I think its a personal thing some girls might plan it when they are not ready but thats for them to decide everyone is dif and some people are ready for kids yonger then others :D


----------



## prettymomtobe

I honestly do not support a young teens planned pregnancy. No matter how good of a situation you are in, you are still a baby! Your so young. You have so much to live for. Go to school and get an amazing job. Live a little bit. Save up some moolah. Get an apartment or home. I'm 19 years old and pregnant. Trust me, being pregnant in a situation with no money is one of the most stressful things. If I had it my way I wish I could be more prepared for this. I love my baby though and I wouldn't trade he/she for the world but I wish I could be more prepared. I'm still a baby! I have my whole life ahead of me. But now I have a child. You don't realize how much your life is gonna change with a baby.


----------



## _laura

I don't support it unless the person is at least 18 and financially and emotionally ready. One of my closest friends had a child age 18 and now age 20 is due her 2nd any day now. Her and her OH are financially stable, emotionally ready. Both have jobs and a home together. 

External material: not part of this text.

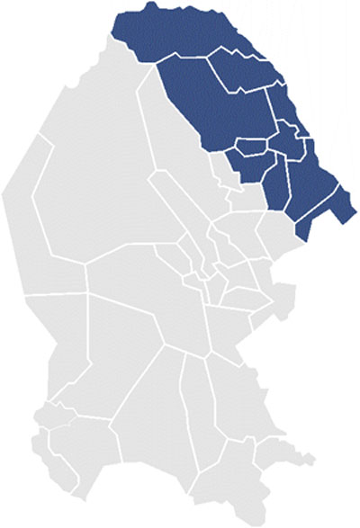 Map of the First Federal Electoral District of the State of Coahuila, México.

But then on the other hand you get teens that plan their pregnancies and don't have anything to fall back on, no education, no money. There were reports that the girl that was on 16 and pregnant recently (most recent episode I think) did it for fame and money. THAT IS SICK. To have a child to get money and fame? She's got some problems and then the idea comes that will her child get the best life they deserve?

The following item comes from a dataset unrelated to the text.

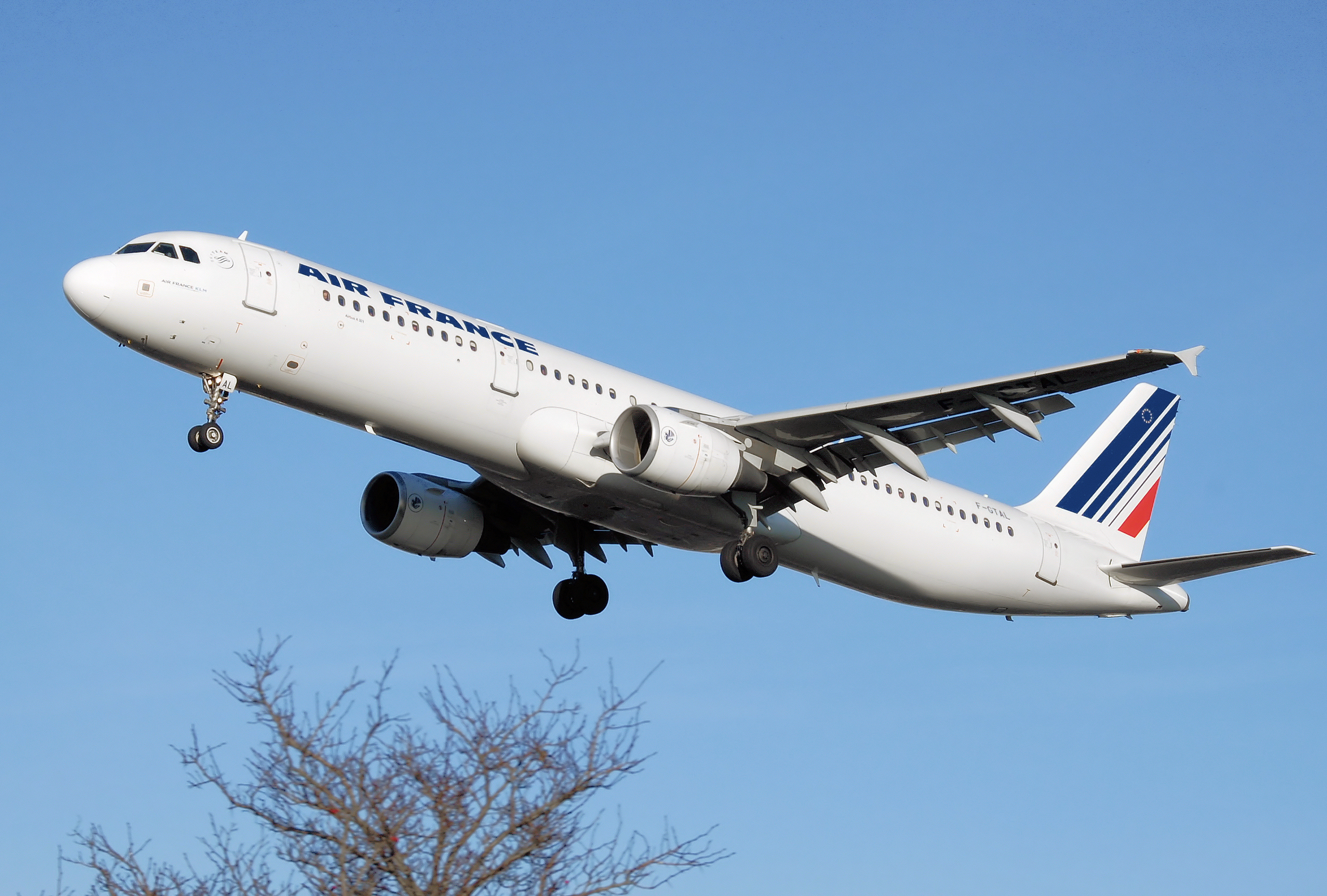 Air France Airbus A321-200 (F-GTAL) lands at London Heathrow Airport, England.

Obviously if your pregnancy isn't planned then to have the responsibility to care for your child is amazing. Me and my OH didnt plan my pregnancy, we found out really late and within 2 months we had found a place and sorted everything out for the arrival of our child. 

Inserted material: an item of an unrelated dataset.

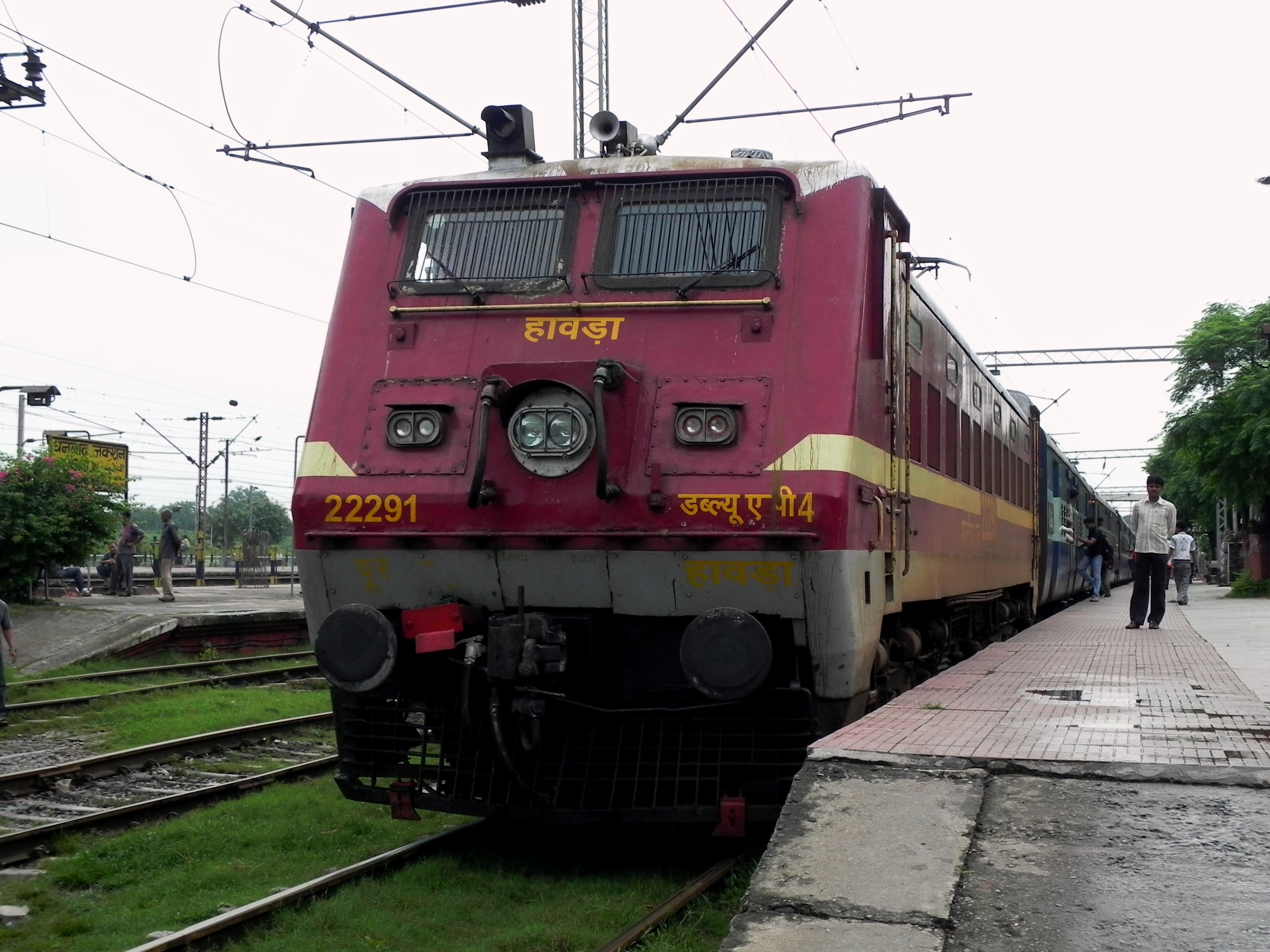 13318 (Dhanbad-Howrah) Black Diamond Express at Dhanbad

Another point I'd like to make is women are in their fertility prime between 18-24 years old. So a planned pregnancy within those ages would be ideal. As long as you have the right backing.


----------



## Sarah-Jane

I personally don't agree with planned teen pregnancy... I honestly think... WAIT!!!
I had my little boy at 18, I love him so much and would be completely lost without him, he's my right arm. He was an unexpected miracle as I fell pregnant on the pill. Luckily enough, I had a well paid job, my partner did and we had supportive parents after the couple of months bollocking subsided. But to plan a pregnancy when you don't have decent wages coming in, don't have your own home, can't do it without parents/on your own then why should you class yourself as responsible for a child?!?!? I don't mean it offensively, it's my opinion. Being a parent, as well as rewarding... is sooo hard, NOT AS A NEWBORN, BUT AS A TODDLER! Newborns (the waking up during the night, the constant worry, not knowing always what they want) is honestly a walk in the park... but when a toddler is honestly throwing the biggest tantrums ever and basically being a little shit at times... that's the hard part! I think I've been a brilliant mum and my fella has been the best Dad ever! He wants for nothing and has all the love in the world! But good parenting can't take the terrible two's away. If teens think they're stable enough to get pregnant planned, why aren't most of them stable enough to live/provide without their parents? I completely understand when the baby isn't planned, I would never have got through it without my parents but if you plan a baby knowing your parents are going to pay for most or after a certain amount of savings have gone... why not wait? xxx


----------



## stephx

Hmm I don't think it's as black and White as 'I agree' or 'I don't' I mean, no 14/15 year old can be ready. Planning a baby at that age is just ridiculous, but by the time you reach 17/18 you can have finished school, and it's quite easy to be financially stable with 2 Full time incomes, rent a home, pay bills ect, and if you emotionally ready then yeah, why not?? I know if I'd have fallen pregnant at 17 I would have been fine.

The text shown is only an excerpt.